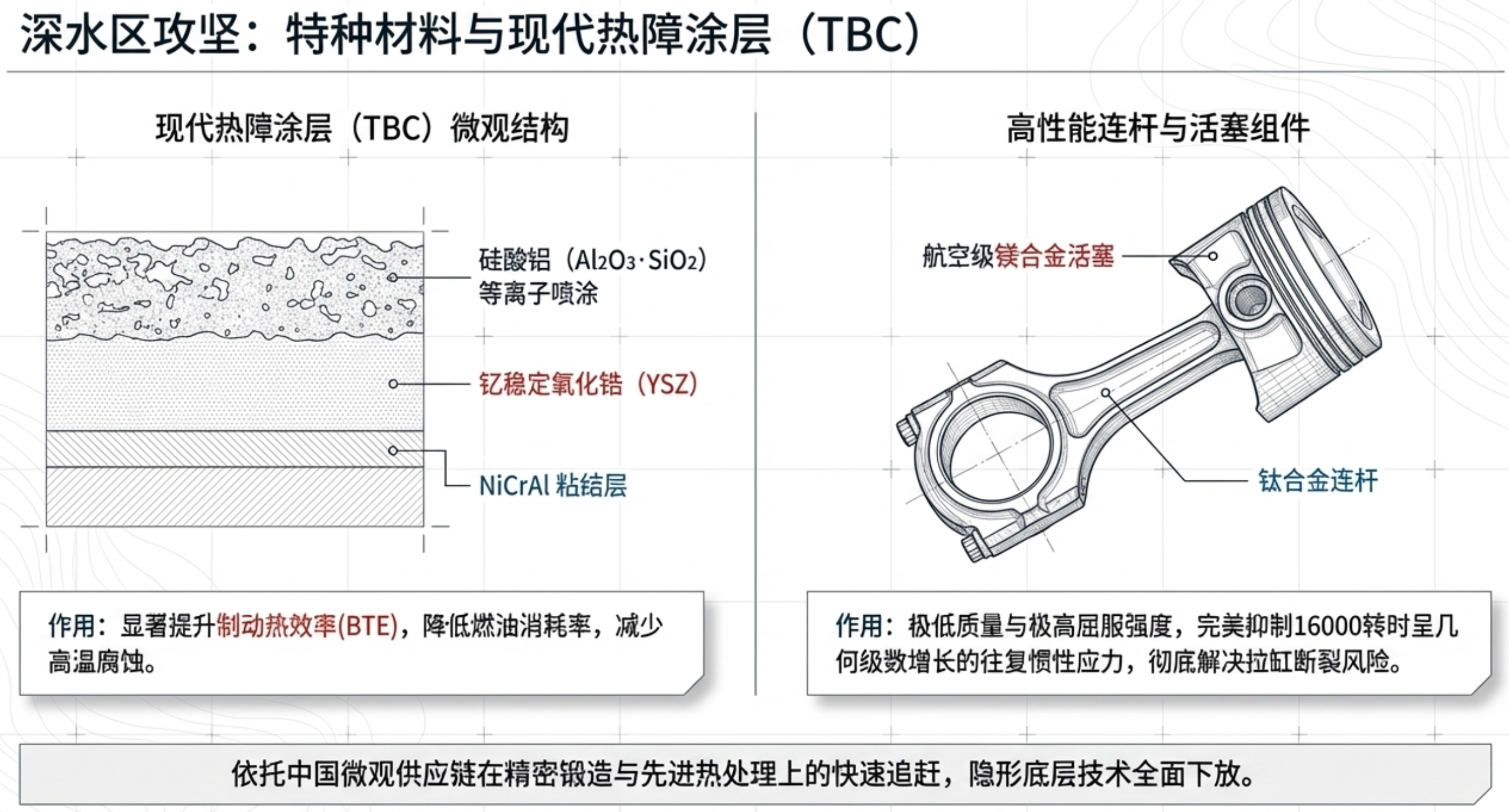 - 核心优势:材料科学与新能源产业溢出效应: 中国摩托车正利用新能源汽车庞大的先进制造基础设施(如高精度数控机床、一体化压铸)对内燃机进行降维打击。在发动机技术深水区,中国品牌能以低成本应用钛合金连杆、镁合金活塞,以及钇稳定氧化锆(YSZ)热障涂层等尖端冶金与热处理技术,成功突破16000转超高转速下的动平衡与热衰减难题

════════════════

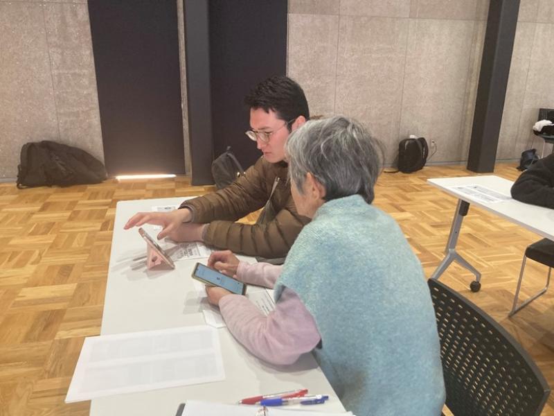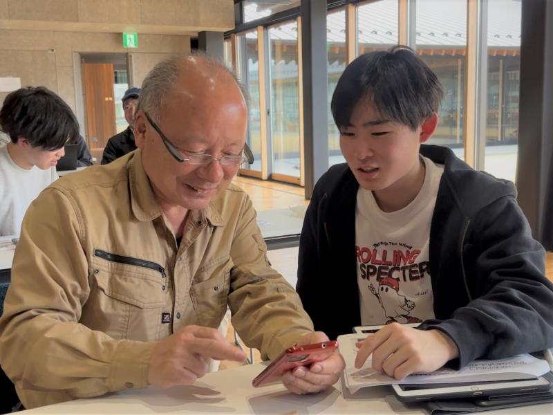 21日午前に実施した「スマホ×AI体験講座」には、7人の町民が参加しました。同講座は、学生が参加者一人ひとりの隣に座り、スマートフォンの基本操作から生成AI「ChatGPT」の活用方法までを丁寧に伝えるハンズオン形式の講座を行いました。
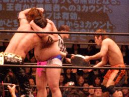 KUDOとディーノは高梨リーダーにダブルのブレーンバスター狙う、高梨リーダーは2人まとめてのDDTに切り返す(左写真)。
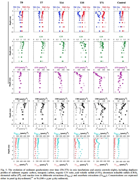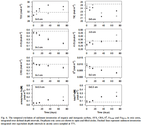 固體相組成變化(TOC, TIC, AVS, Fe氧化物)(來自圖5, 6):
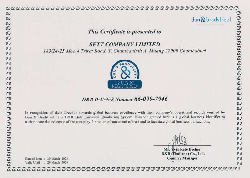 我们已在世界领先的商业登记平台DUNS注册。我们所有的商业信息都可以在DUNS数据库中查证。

════════════════

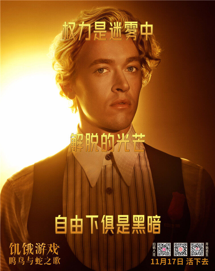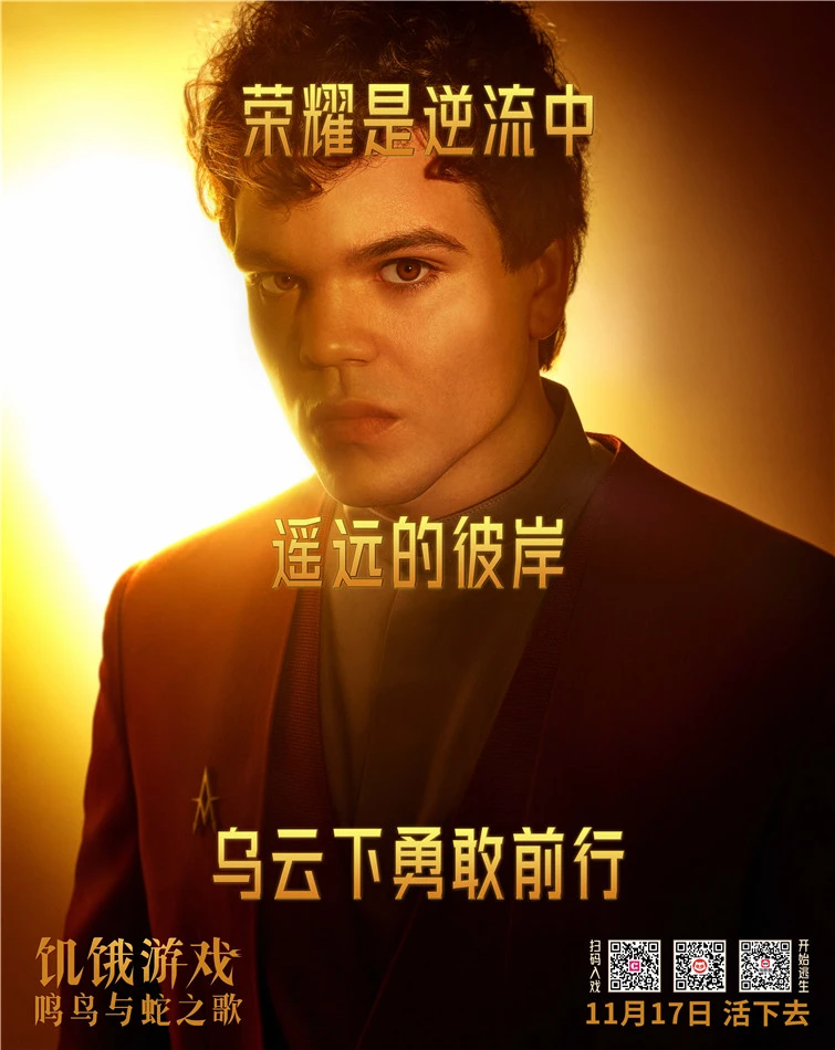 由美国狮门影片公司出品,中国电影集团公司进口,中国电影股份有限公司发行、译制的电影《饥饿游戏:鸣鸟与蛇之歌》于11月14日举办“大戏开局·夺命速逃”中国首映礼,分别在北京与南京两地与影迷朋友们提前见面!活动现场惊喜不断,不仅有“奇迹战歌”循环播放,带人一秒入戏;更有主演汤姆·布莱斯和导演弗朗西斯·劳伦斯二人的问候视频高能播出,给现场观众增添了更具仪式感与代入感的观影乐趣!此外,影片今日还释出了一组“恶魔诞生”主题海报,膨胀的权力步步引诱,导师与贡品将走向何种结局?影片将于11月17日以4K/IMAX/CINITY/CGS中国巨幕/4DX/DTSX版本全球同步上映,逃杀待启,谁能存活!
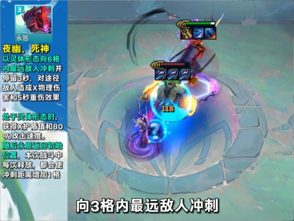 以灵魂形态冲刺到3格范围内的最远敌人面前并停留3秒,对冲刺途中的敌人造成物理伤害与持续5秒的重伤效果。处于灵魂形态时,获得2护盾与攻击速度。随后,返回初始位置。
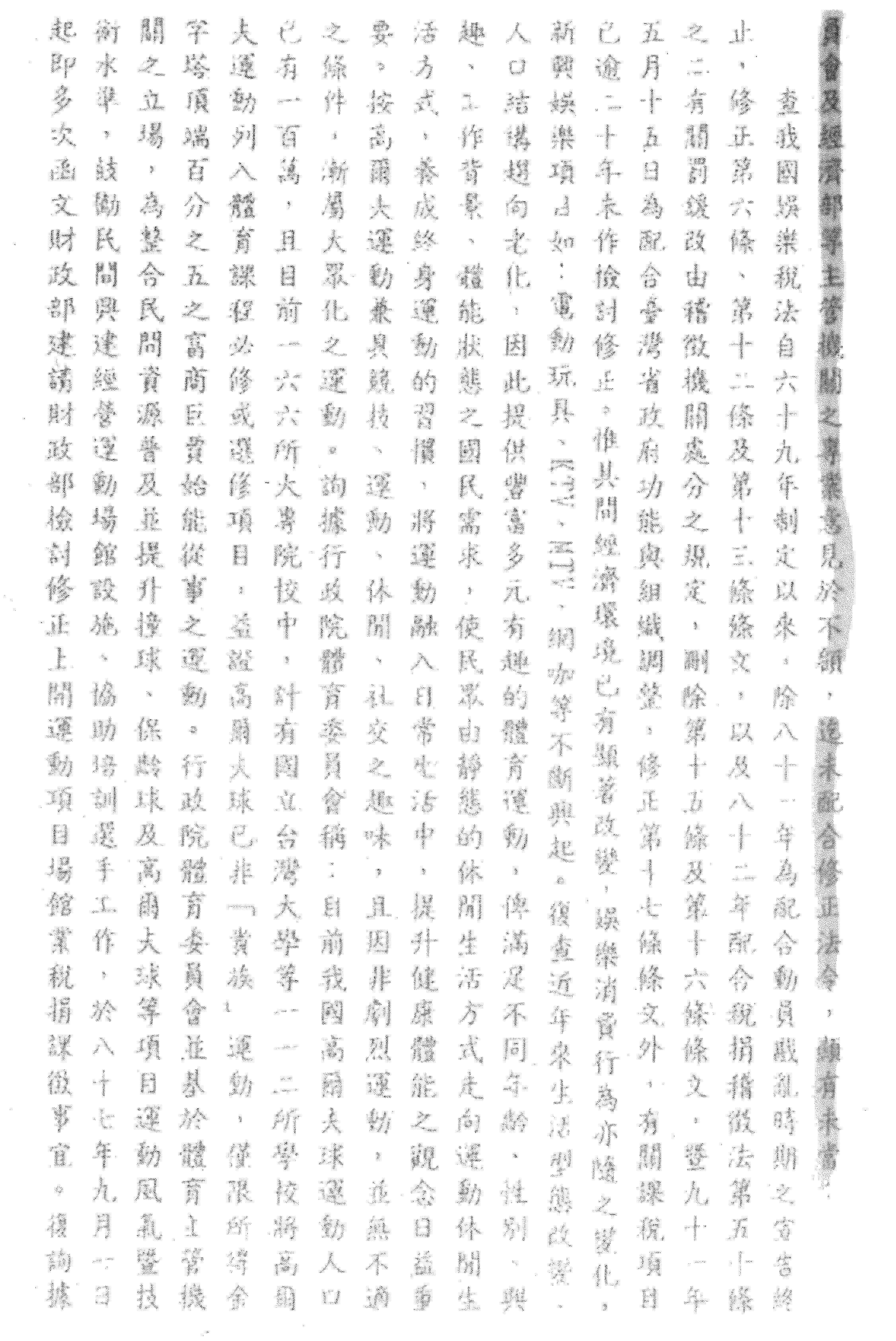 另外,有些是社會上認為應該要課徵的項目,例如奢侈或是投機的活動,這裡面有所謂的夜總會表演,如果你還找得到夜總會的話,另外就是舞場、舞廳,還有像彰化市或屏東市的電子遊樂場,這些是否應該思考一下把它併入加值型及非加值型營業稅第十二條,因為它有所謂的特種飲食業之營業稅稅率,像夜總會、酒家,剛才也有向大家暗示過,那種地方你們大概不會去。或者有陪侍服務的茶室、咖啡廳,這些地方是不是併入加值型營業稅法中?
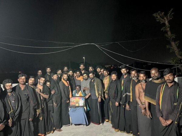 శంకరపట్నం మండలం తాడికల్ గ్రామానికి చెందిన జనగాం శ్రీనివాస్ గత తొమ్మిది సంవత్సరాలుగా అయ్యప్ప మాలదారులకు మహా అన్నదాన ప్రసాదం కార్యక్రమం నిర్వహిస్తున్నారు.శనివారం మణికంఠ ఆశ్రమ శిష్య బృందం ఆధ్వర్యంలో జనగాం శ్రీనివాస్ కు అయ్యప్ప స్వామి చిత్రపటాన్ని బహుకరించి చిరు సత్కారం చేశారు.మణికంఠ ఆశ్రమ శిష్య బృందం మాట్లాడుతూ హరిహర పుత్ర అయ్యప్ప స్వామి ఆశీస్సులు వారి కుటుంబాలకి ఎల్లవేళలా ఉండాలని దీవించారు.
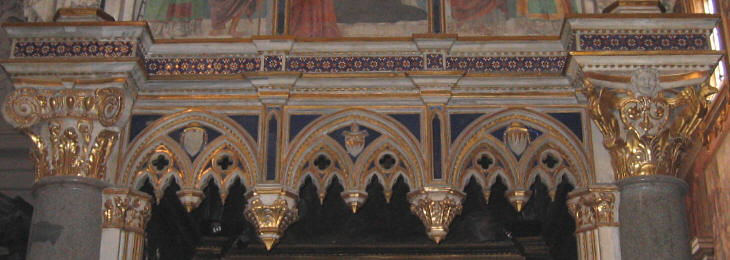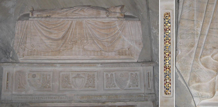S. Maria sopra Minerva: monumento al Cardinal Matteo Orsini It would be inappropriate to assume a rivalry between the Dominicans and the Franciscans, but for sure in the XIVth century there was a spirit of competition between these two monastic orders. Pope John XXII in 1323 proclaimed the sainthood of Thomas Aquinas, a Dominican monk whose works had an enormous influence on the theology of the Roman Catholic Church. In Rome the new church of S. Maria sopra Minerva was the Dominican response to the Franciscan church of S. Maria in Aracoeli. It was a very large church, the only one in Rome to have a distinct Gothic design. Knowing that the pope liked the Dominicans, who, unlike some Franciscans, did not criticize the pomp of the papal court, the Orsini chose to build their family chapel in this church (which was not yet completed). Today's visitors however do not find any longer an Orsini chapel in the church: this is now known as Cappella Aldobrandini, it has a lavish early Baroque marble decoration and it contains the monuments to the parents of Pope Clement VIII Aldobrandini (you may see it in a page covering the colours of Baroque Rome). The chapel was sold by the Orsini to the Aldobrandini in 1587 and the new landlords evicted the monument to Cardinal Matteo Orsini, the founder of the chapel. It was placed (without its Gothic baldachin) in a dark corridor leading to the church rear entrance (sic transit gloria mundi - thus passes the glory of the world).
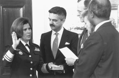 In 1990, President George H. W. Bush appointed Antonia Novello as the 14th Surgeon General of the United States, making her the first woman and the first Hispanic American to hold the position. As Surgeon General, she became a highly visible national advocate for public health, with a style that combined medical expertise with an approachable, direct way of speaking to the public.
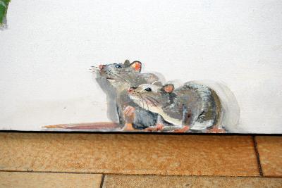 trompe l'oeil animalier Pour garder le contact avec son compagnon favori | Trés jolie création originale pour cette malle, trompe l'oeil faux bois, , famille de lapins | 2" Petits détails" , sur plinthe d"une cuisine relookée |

════════════════

EXERCISE OBJECTIVE:
Look through the listing above for the line with "KUDOとディーノは高梨リー" and the line with "我们已在世界领先的商业登记平". Write out exactly those lines and everything between, leaving out pictures.

SOLUTION FOR THIS TASK:
 KUDOとディーノは高梨リーダーにダブルのブレーンバスター狙う、高梨リーダーは2人まとめてのDDTに切り返す(左写真)。
 固體相組成變化(TOC, TIC, AVS, Fe氧化物)(來自圖5, 6):
 我们已在世界领先的商业登记平台DUNS注册。我们所有的商业信息都可以在DUNS数据库中查证。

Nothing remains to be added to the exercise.